==== MATERIAL PROVIDED
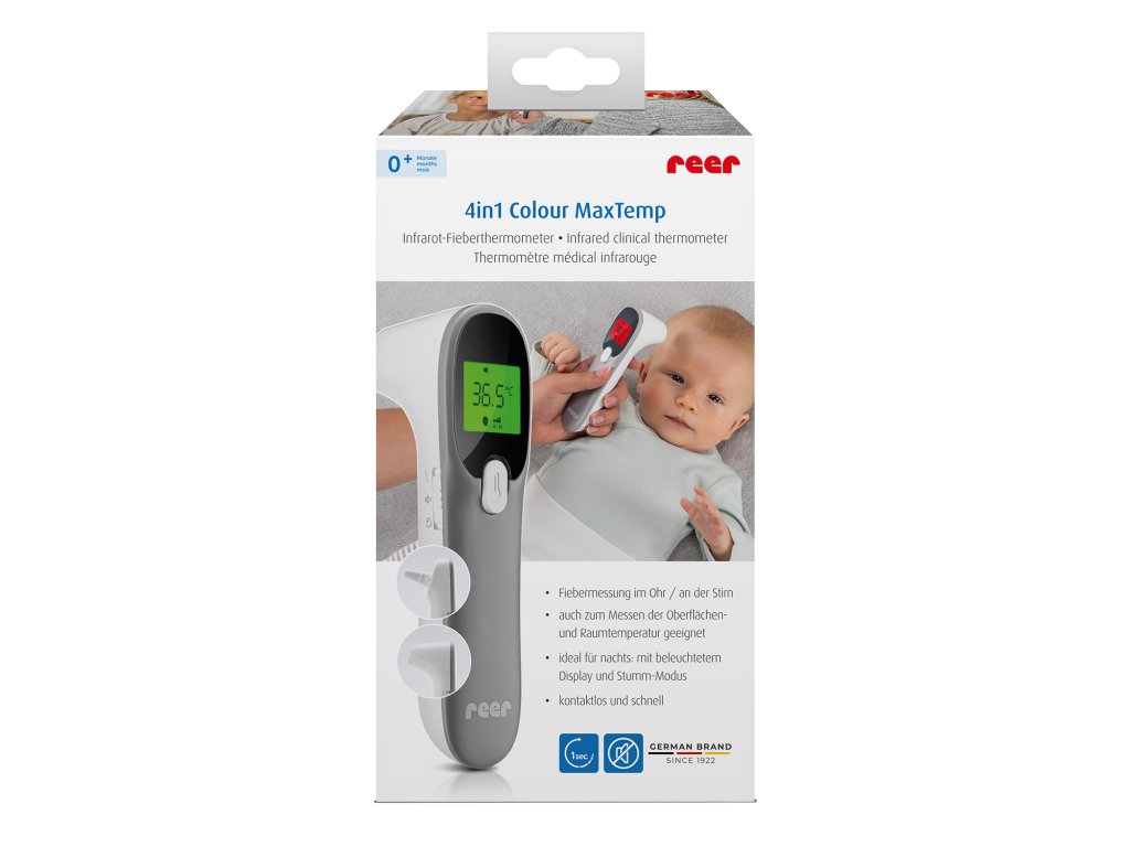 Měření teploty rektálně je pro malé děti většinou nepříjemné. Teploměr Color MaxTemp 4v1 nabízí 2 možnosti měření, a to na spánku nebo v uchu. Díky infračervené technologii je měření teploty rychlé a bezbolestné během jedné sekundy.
========
==== MATERIAL PROVIDED
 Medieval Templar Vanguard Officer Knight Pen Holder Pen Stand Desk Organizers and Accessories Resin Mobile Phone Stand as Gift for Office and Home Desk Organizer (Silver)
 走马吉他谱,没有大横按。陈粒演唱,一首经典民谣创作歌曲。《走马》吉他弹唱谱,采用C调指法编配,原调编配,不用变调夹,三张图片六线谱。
========
### REQUIRED WORK
Every line above from the line with "Medieval Templar Vanguard" to the line with "走马吉他谱,没有大横按。陈粒", inclusive, must be returned exactly; no other line belongs in the reply.

### RESPONSE TO THIS TASK
 Medieval Templar Vanguard Officer Knight Pen Holder Pen Stand Desk Organizers and Accessories Resin Mobile Phone Stand as Gift for Office and Home Desk Organizer (Silver)
 走马吉他谱,没有大横按。陈粒演唱,一首经典民谣创作歌曲。《走马》吉他弹唱谱,采用C调指法编配,原调编配,不用变调夹,三张图片六线谱。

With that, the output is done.